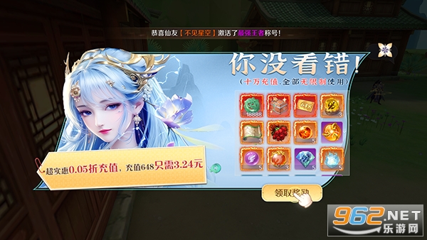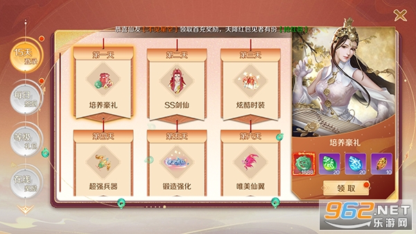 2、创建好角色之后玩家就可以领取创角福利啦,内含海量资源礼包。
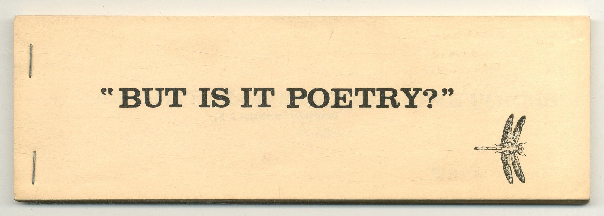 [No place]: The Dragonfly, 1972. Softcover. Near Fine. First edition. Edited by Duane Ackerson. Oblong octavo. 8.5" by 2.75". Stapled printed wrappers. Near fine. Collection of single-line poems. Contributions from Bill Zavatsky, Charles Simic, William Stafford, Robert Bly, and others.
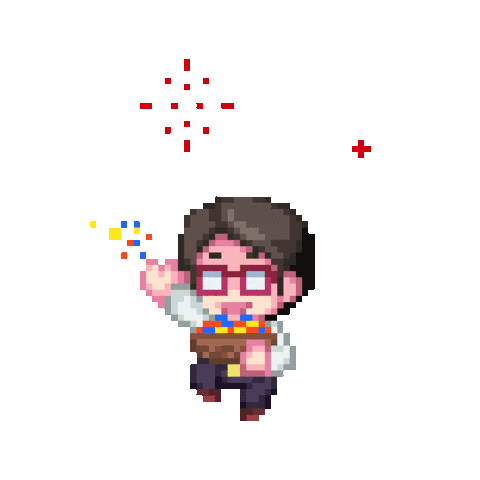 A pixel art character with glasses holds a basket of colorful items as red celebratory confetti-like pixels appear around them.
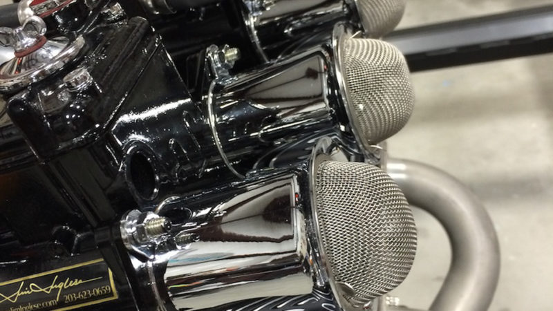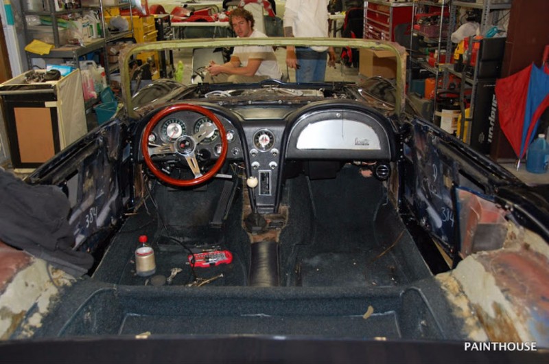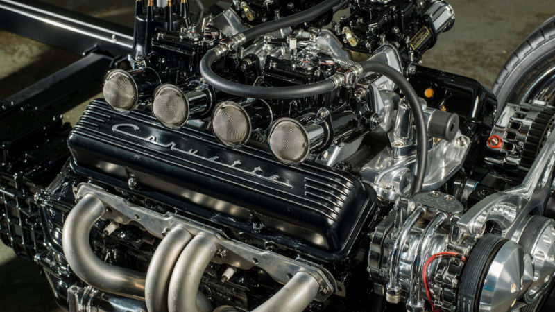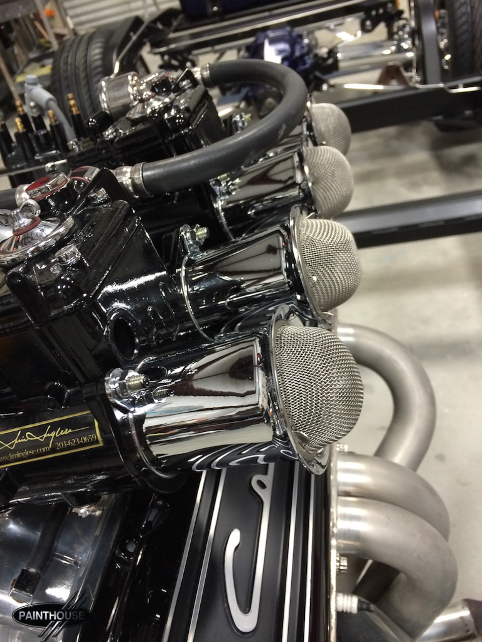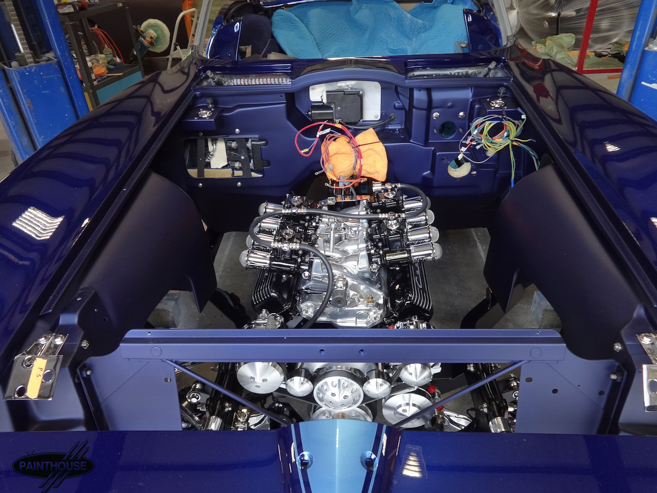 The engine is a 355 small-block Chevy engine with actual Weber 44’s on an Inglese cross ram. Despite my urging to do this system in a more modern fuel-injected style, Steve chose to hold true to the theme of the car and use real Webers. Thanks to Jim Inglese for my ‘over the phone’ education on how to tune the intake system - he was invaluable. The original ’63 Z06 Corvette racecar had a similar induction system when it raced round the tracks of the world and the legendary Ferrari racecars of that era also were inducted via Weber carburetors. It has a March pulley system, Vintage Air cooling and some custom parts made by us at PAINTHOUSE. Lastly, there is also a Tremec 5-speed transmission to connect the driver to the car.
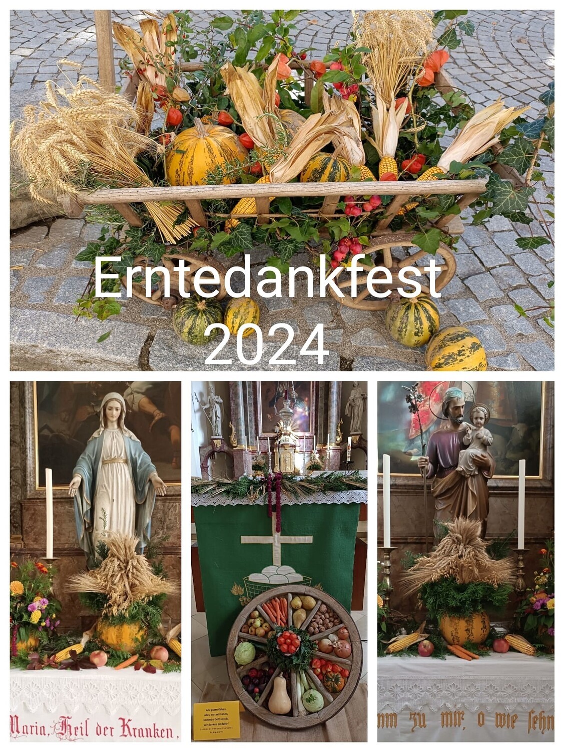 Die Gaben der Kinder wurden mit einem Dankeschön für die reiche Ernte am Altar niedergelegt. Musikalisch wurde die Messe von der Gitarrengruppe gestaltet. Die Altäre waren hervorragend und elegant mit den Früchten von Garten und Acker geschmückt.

◆ **WHAT TO DO**: The records above should be reproduced exactly, with the pictures omitted.

◆ **COMPLETED TASK**:
 2、创建好角色之后玩家就可以领取创角福利啦,内含海量资源礼包。
 [No place]: The Dragonfly, 1972. Softcover. Near Fine. First edition. Edited by Duane Ackerson. Oblong octavo. 8.5" by 2.75". Stapled printed wrappers. Near fine. Collection of single-line poems. Contributions from Bill Zavatsky, Charles Simic, William Stafford, Robert Bly, and others.
 A pixel art character with glasses holds a basket of colorful items as red celebratory confetti-like pixels appear around them.
 The engine is a 355 small-block Chevy engine with actual Weber 44’s on an Inglese cross ram. Despite my urging to do this system in a more modern fuel-injected style, Steve chose to hold true to the theme of the car and use real Webers. Thanks to Jim Inglese for my ‘over the phone’ education on how to tune the intake system - he was invaluable. The original ’63 Z06 Corvette racecar had a similar induction system when it raced round the tracks of the world and the legendary Ferrari racecars of that era also were inducted via Weber carburetors. It has a March pulley system, Vintage Air cooling and some custom parts made by us at PAINTHOUSE. Lastly, there is also a Tremec 5-speed transmission to connect the driver to the car.
 Die Gaben der Kinder wurden mit einem Dankeschön für die reiche Ernte am Altar niedergelegt. Musikalisch wurde die Messe von der Gitarrengruppe gestaltet. Die Altäre waren hervorragend und elegant mit den Früchten von Garten und Acker geschmückt.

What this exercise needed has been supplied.